Beijing, China • May, 2008 – Earlier this year, the National Center for the Performing Arts in Beijing conducted a worldwide search for pianos for its music spaces. When the decisions were made, Kawai and Shigeru Kawai pianos comprised 17 of the 22 instruments selected. Now, with an impressive collection of new Kawai and Shigeru Kawai pianos (including a Shigeru Kawai concert grand), the National Center is ready for the worldwide attention of the Beijing Olympics.

Designed by French architect Paul Andreu and known as The Egg, the National Centre for Performing Arts in Beijing opened in 2007. The futuristic building is an ellipsoid dome of titanium and glass surrounded by a large reflecting pool. It is said to look like an egg floating on water.

Home to the China’s National Symphony Orchestra, it is one of several large new architectural showpieces commissioned by the Chinese government to be built in time for the 2008 Beijing Olympics. With a total construction cost of more than $330 million, the complex includes three performance spaces – a 2,416-seat opera house, a 2,017-seat concert hall and a 1,040-seat theater.

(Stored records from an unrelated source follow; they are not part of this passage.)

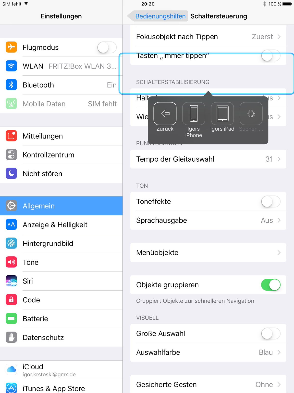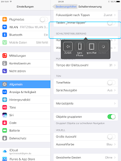 Wenn man das Scanning aktiviert, und die Auswahl „mehr“ öffnet, erscheint dieses Fenster (welches im Scanning-Mode gescannt wird). In der untersten Zeile man die Option „Anderes Gerät“. Wählt man diese Option, erscheint dann das iPhone (hier in diesem Beispiel) und man kann dann mit dem iPad ein anderes Gerät ansteuern.
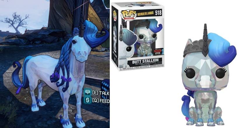 Butt Stallion is the diamond pony of Handsome Jack and an NPC introduced in Borderlands 2. She’s also got ties to Tiny Tina, and if players feed the pony 5 Eridium, she will produce a piece of loot for them by vomiting or defecating either a weapon of varying rarity, health, ammo, or money. Butt Stallion was a 2019 NYCC (New York Comic Con) and GameStop exclusive, and is valued at $28.
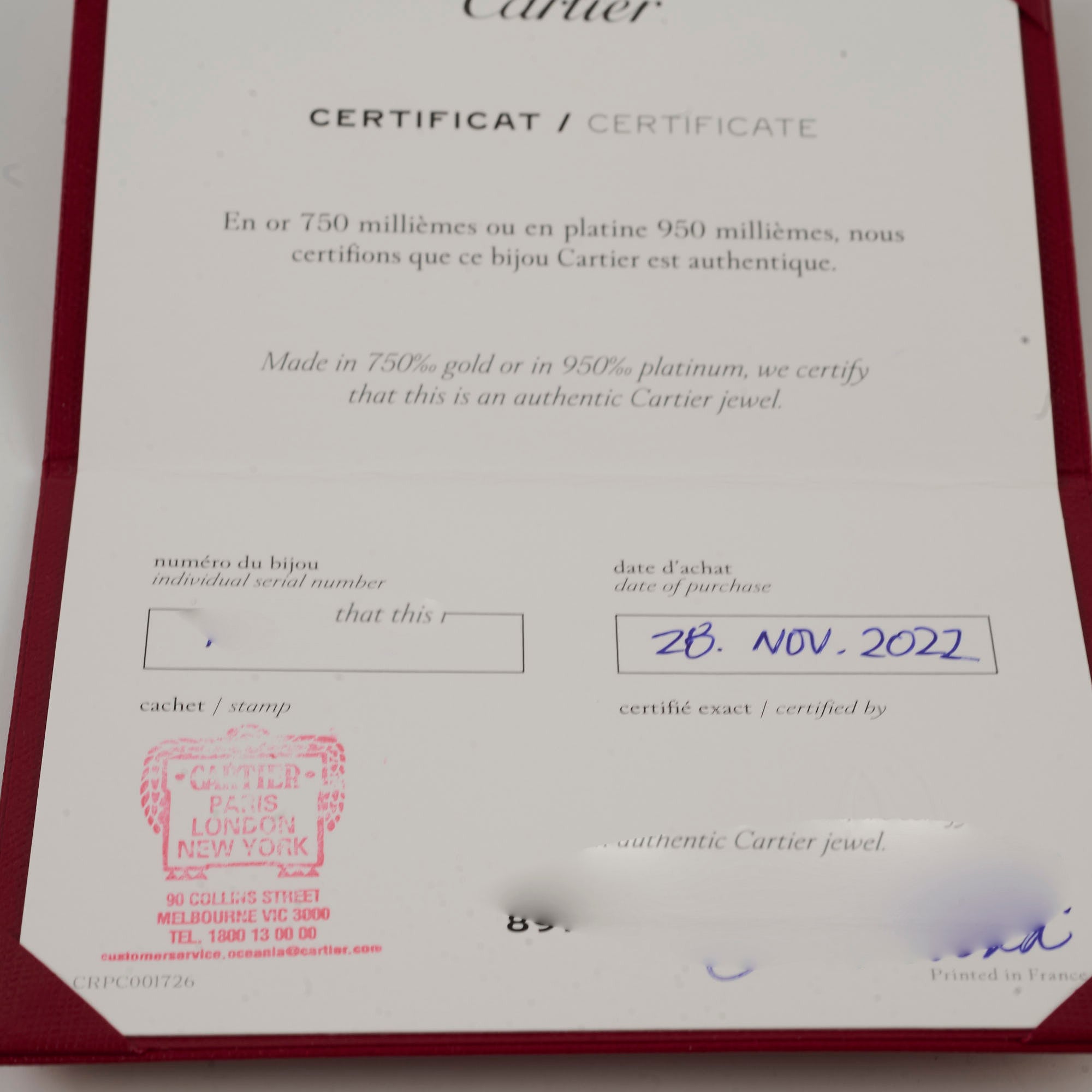 Receipt, Inner Box, Outer Box, Authenticity Certificate

According to Chinese officials, the complex is the largest performing arts center in the world, twice as big as the Kennedy Center for the Performing Arts in Washington. It was designed as an iconic feature that would be immediately recognizable. Since its opening, “The Center” has seen performances by famous international conductors Valery Gergiev and Seiji Ozawa, sopranos Kathleen Battle and Kiri Te Kanawa, and the New York Philharmonic among others.